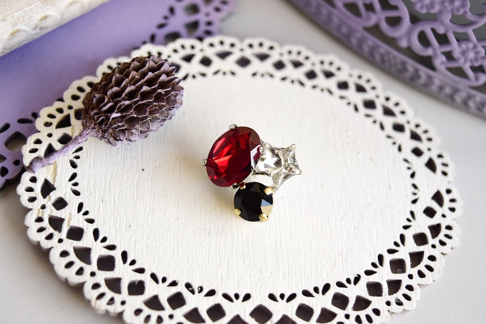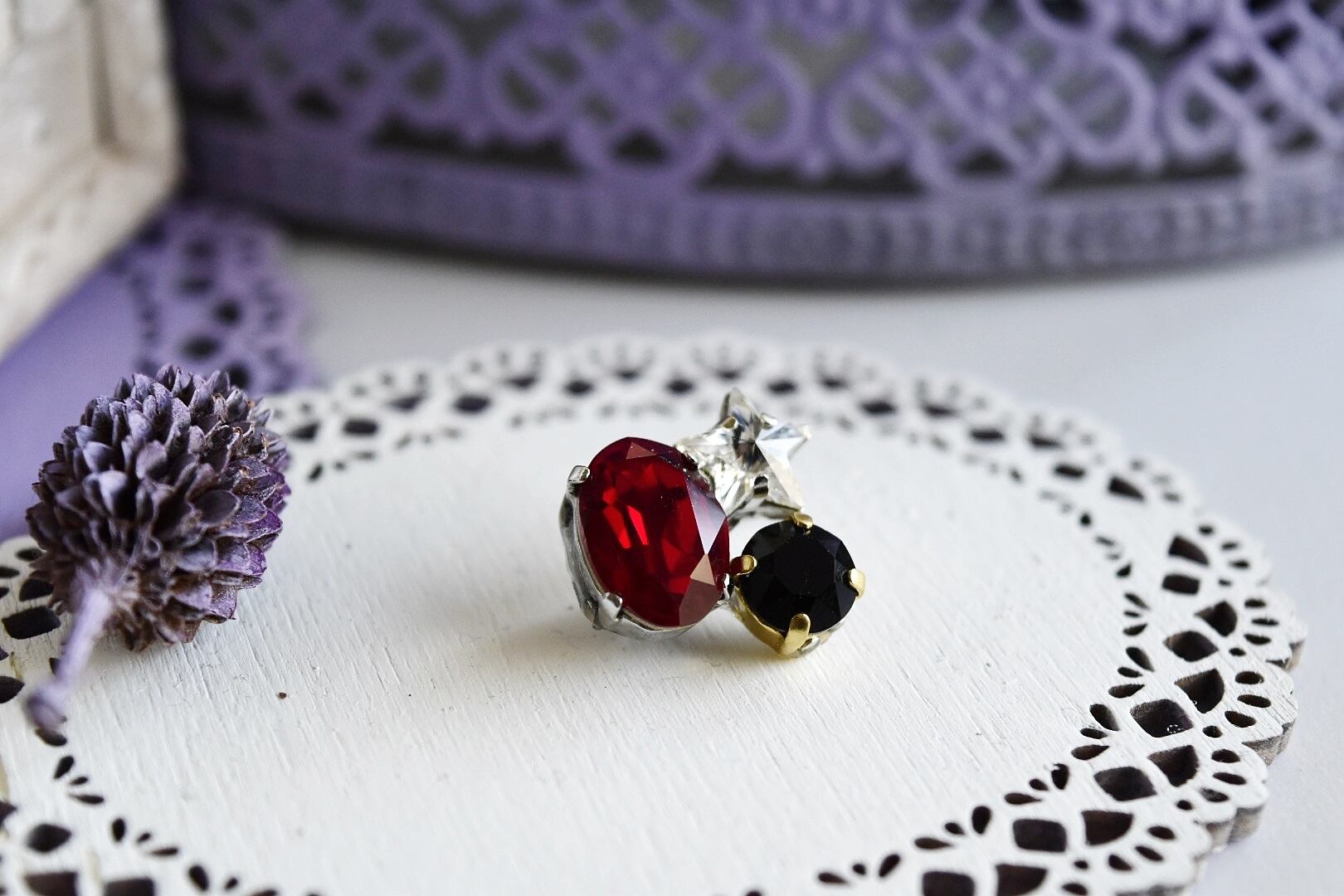・スワロフスキー社製クリスタルのビジューを使用した、星モチーフの小さなブローチ。レッドとブラックでインパクトのあるカラーリングがオシャレに使えます。金具もシルバーカラーとゴールドカラーのコンビなので、他のアクセサリーとも合わせやすいです。
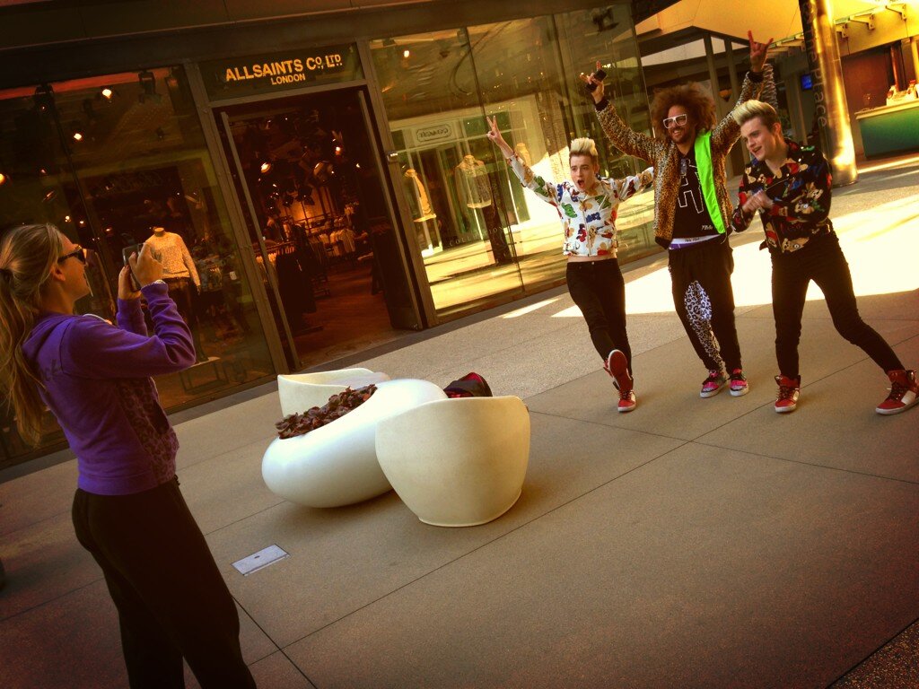 Jedward seen here in Santa Monica, are recording new material and as you can see they are spending time with LMFAO front man RedFoo. Is this an indication of where their music is heading? It is interesting to see that despite not winning Eurovision, they have certainly made the most of the experience and it has opened many new avenues for them.
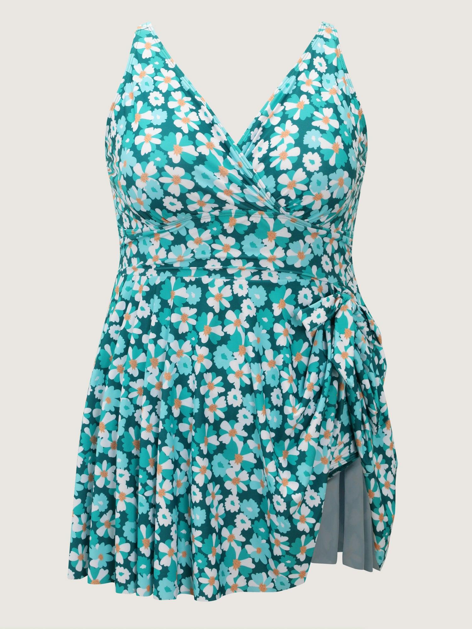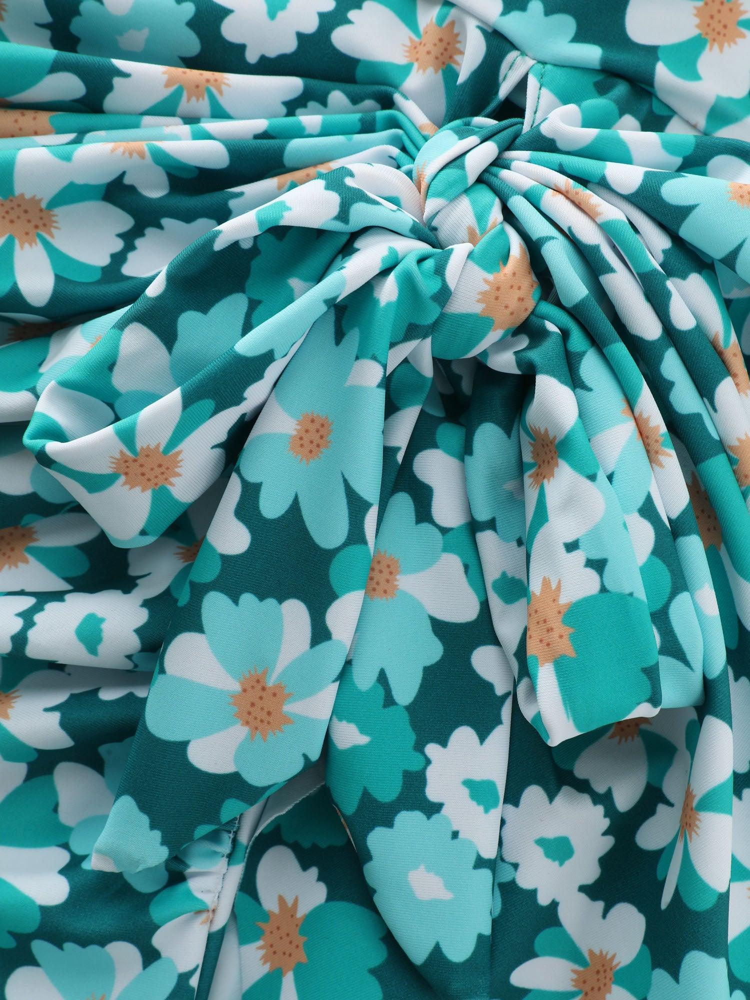 Shop Floral Print Knotted Tie Hem Swim Dress now and redefine your style with confidence at BloomChic. Tailored for mid and plus-size women. This trendy Swimwear Women, sizes 10-30. Color:Teal;Style:Resort;Cup Type:Removable cups;Functional Fabric:Chlorine Resistant,UPF 50 Sun Protection;Neckline:Heart neckline;Sleeve Type:Sleeveless;Prints:Floral;Details:Tie knot;Pocket:No-pocket;Belt:No-belt;Chest pad:Removable Padding;Lining:Lining;Closure Type:Non;Structural function:Cinched & Flared,Adaptive-Fit,Full Coverage,Anti-Float Ties;One-piece or split swim dresses:Built-in bottoms;Swimsuit types:Built-in Bikini Dress

▸ Assignment: Nothing but the lines from the first line of the data through the line with "Jedward seen here" belongs in the answer, copied exactly and without pictures.

▸ Answer box:
・スワロフスキー社製クリスタルのビジューを使用した、星モチーフの小さなブローチ。レッドとブラックでインパクトのあるカラーリングがオシャレに使えます。金具もシルバーカラーとゴールドカラーのコンビなので、他のアクセサリーとも合わせやすいです。
 Jedward seen here in Santa Monica, are recording new material and as you can see they are spending time with LMFAO front man RedFoo. Is this an indication of where their music is heading? It is interesting to see that despite not winning Eurovision, they have certainly made the most of the experience and it has opened many new avenues for them.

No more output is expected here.